▶ _WHAT THE TASK ASKS_
Everything in the listing that follows should be reproduced exactly except the pictures.
[SUPPLIED INFORMATION Boundary: Start]
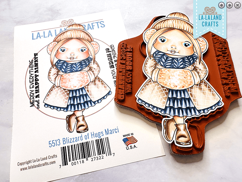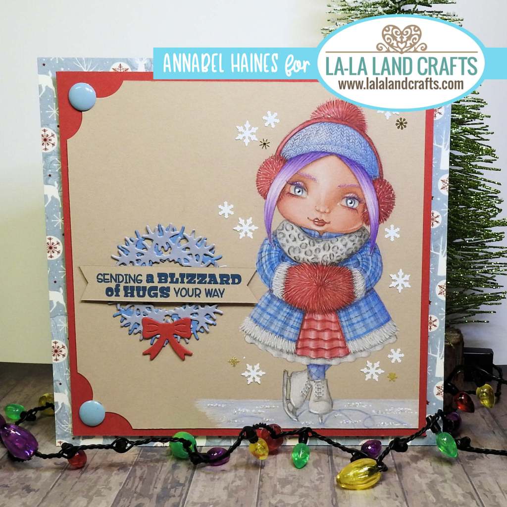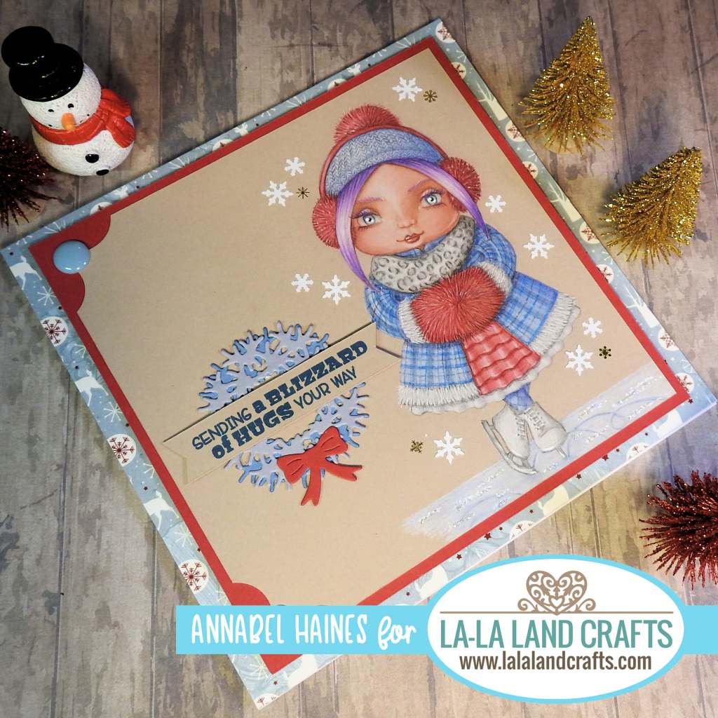 I selected two figure stamps (Marci and Luka) and some lovely bear stamps to work with! But I am going to start with Blizzard of Hugs Marci. She was lovely to colour up, here is the card I made using her –
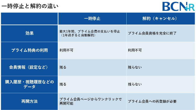 Amazonプライムには、完全に特典を終了する「解約(キャンセル)」と、一定期間だけ課金を止められる「会員資格の一時停止」という2つの手段があります。
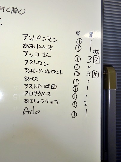 で、7人目はひっさつ会長で「アストロ球団」という週刊少年ジャンプに連載されていた人気漫画を。まあこの漫画、野球の試合中に死亡者が平気で出るという凄まじい漫画でして(大汗)。そして8人目のハマさんは肉食恐竜の「アロサウルス」、ラストの三好総統は「Ado」という人気女性歌手を。しかし「Ado」と聞いてほしまる先生が「昔、似顔絵描きで一斉を風靡した」とボケてむろかつ他が「それは水森亜土じゃ」とツッコミを入れるのもまさにその世代だなーと(爆)
[SUPPLIED INFORMATION Boundary: End]
▶ _ANSWER TO THIS PROBLEM_
 I selected two figure stamps (Marci and Luka) and some lovely bear stamps to work with! But I am going to start with Blizzard of Hugs Marci. She was lovely to colour up, here is the card I made using her –
 Amazonプライムには、完全に特典を終了する「解約(キャンセル)」と、一定期間だけ課金を止められる「会員資格の一時停止」という2つの手段があります。
 で、7人目はひっさつ会長で「アストロ球団」という週刊少年ジャンプに連載されていた人気漫画を。まあこの漫画、野球の試合中に死亡者が平気で出るという凄まじい漫画でして(大汗)。そして8人目のハマさんは肉食恐竜の「アロサウルス」、ラストの三好総統は「Ado」という人気女性歌手を。しかし「Ado」と聞いてほしまる先生が「昔、似顔絵描きで一斉を風靡した」とボケてむろかつ他が「それは水森亜土じゃ」とツッコミを入れるのもまさにその世代だなーと(爆)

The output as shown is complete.